-- Goal of the exercise --
Go to the line that contains "pane pizza, insalata, kebab". Restate that line and each one after it exactly, through the end of the records, without pictures.

[Listed records — start]

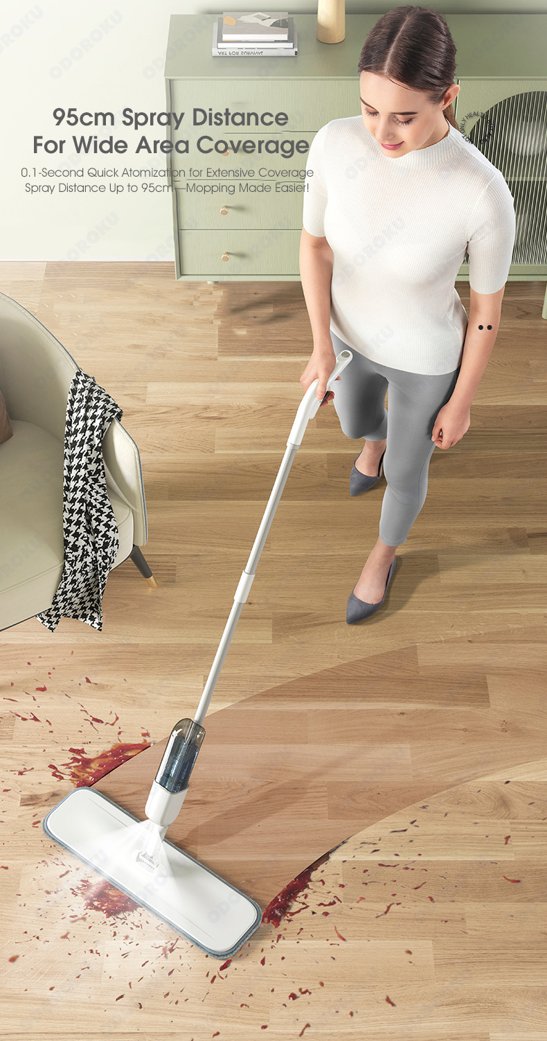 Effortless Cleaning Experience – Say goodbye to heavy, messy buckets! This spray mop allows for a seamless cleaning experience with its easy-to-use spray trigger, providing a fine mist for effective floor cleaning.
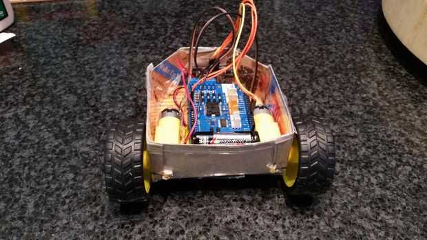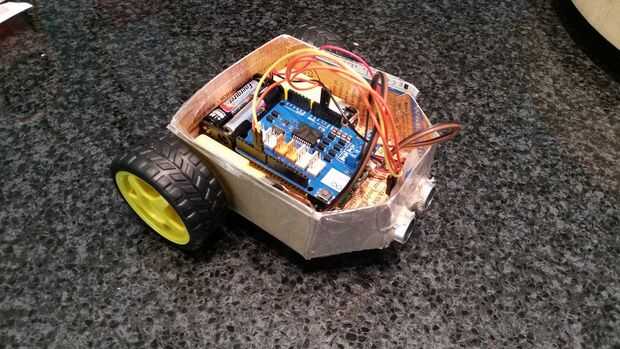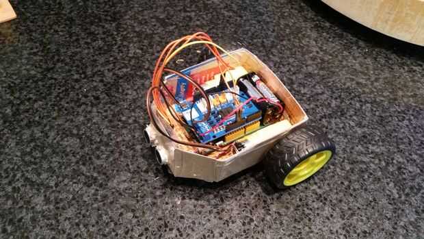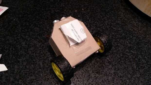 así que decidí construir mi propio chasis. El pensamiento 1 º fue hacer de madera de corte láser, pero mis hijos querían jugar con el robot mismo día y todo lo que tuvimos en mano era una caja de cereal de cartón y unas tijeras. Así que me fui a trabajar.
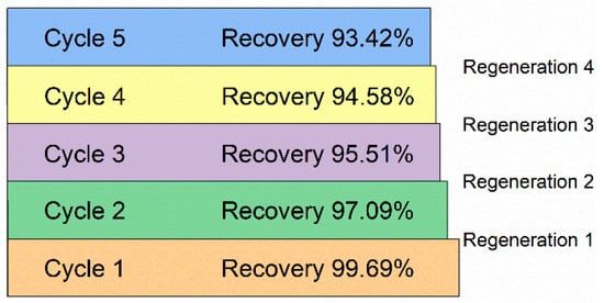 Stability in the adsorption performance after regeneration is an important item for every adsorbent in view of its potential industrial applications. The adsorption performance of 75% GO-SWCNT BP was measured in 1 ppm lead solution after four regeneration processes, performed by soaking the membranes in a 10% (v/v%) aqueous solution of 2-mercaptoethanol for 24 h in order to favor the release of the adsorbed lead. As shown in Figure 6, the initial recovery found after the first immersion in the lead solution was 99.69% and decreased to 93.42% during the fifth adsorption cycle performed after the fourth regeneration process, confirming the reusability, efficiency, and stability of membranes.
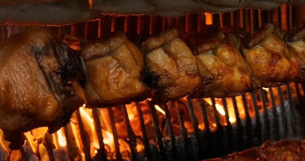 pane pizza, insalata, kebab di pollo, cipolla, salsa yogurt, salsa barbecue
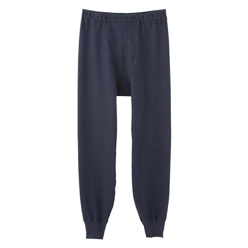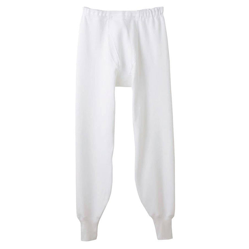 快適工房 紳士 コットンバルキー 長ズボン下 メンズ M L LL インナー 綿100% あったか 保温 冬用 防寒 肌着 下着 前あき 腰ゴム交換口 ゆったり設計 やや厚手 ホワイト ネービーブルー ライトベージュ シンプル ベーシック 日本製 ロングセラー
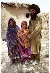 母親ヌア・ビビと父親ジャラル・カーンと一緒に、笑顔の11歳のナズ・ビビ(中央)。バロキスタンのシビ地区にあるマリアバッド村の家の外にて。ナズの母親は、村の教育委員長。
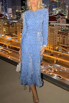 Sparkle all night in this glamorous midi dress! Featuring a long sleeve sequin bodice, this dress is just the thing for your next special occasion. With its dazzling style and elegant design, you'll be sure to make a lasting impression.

[Listed records — finish]

-- Solution --
 pane pizza, insalata, kebab di pollo, cipolla, salsa yogurt, salsa barbecue
 快適工房 紳士 コットンバルキー 長ズボン下 メンズ M L LL インナー 綿100% あったか 保温 冬用 防寒 肌着 下着 前あき 腰ゴム交換口 ゆったり設計 やや厚手 ホワイト ネービーブルー ライトベージュ シンプル ベーシック 日本製 ロングセラー
 母親ヌア・ビビと父親ジャラル・カーンと一緒に、笑顔の11歳のナズ・ビビ(中央)。バロキスタンのシビ地区にあるマリアバッド村の家の外にて。ナズの母親は、村の教育委員長。
 Sparkle all night in this glamorous midi dress! Featuring a long sleeve sequin bodice, this dress is just the thing for your next special occasion. With its dazzling style and elegant design, you'll be sure to make a lasting impression.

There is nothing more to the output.